— RECORDED DATA —
****************************************

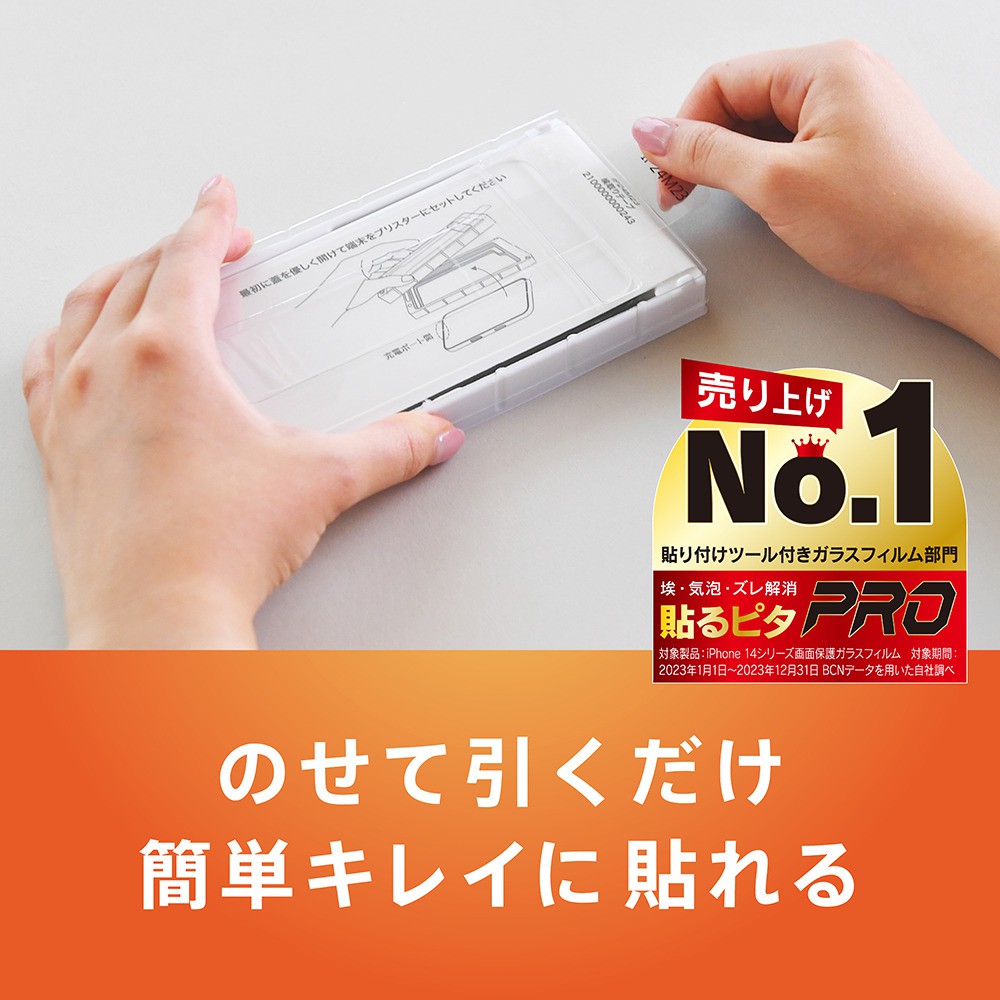 ガラスの貼り付けを簡単にできる「貼るピタPro」を同梱しています。
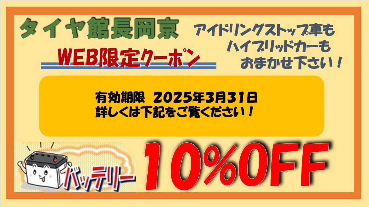 ☆クーポン券アリ☆ バッテリー交換するならタイヤ館長岡京!!
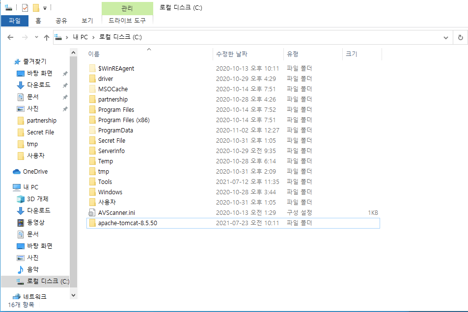 압축을 풀고 설치하고 싶은 위치로 이동합니다. 저의 경우 c:/로 이동하였습니다.
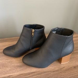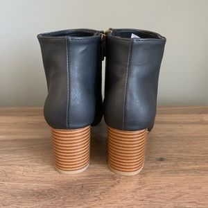 Black booties with a slight heel. Zips on the side.

****************************************

— ASSIGNMENT —
From the line that contains "압축을 풀고 설치하고" to the last line of the data, print each line exactly, both ends included, and omit the pictures.

— SOLUTION TO THIS EXERCISE —
 압축을 풀고 설치하고 싶은 위치로 이동합니다. 저의 경우 c:/로 이동하였습니다.
 Black booties with a slight heel. Zips on the side.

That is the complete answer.